I've been using TARPIT in my servers since forever. That's 20+ years guaranteed. The only downsides I found are:

  • Installation requires compilation — the TARPIT target is not part of the stock Linux kernel, instead it is provided by the XTables-addon package. AFAIK, no major Linux distributions provide the addon as a ready-to-install binary package. So to have the TARPIT target you must get the sources and build the module yourself. Nowadays most Linux distros make this task easy, but it is still not as easy as apt install PACKAGE.

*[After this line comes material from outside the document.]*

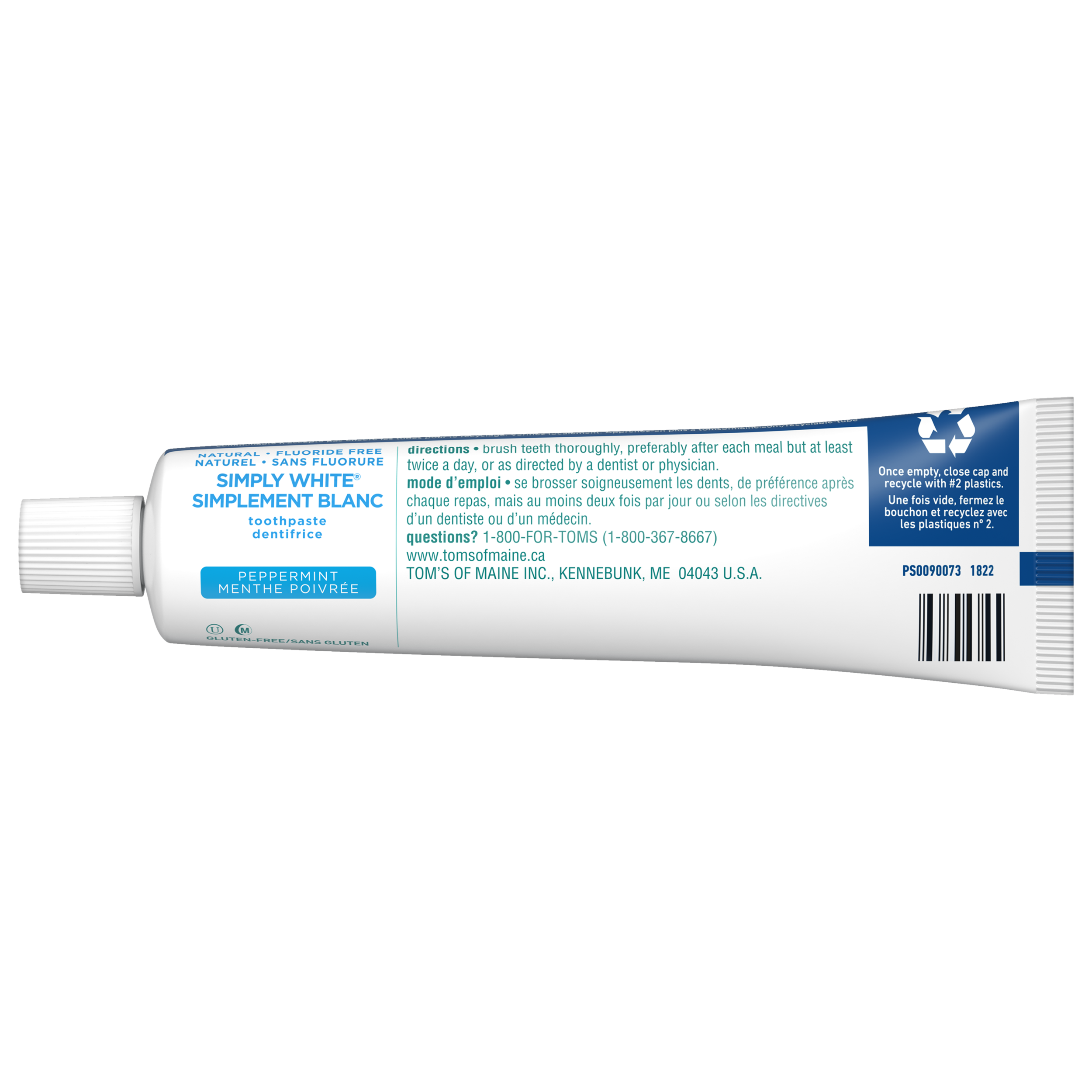 Tom’s of Maine Simply White Fluoride Free Toothpaste, Peppermint, 85 mL

  • Increased iptables rules complexity — although the TARPIT mechanism was designed to tie up only an attacker's resources, an improperly configured system can open your server to DOS attacks. Unfortunately, the most intuitive way to implement TARPIT (“oh, let's just replace -j DROP with -j TARPIT”) is wrong and is the one that leaves servers vulnerable. The reason is because the kernel does not know about your tarpitting business, and will attempt to do connection tracking in spite of it, and this will use resources on your server. An attacker who knows that your server is misconfigured like this can DOS it very easily, and to prevent that you need to do some tricks on your iptables rules, which adds complexity. Here's a gist with the technique I use and avoids this problem: https://gist.github.com/flaviovs/103a0dbf62c67ff371ff75fc62fdded3

Vulnerabilites

From an implementation perspective, as far as I can tell the only potential issue is the connection tracking DOS attack explained above, which can be exploited if you don't configure your iptables properly

If you're talking about software vulnerabilities, then it is hard to prove that any software is free of problems. Given the maturity of the project I deem it as pretty safe. AFAIK there's no reported vulnerability against it too. Of course, this is just me — you should your due diligence before using it.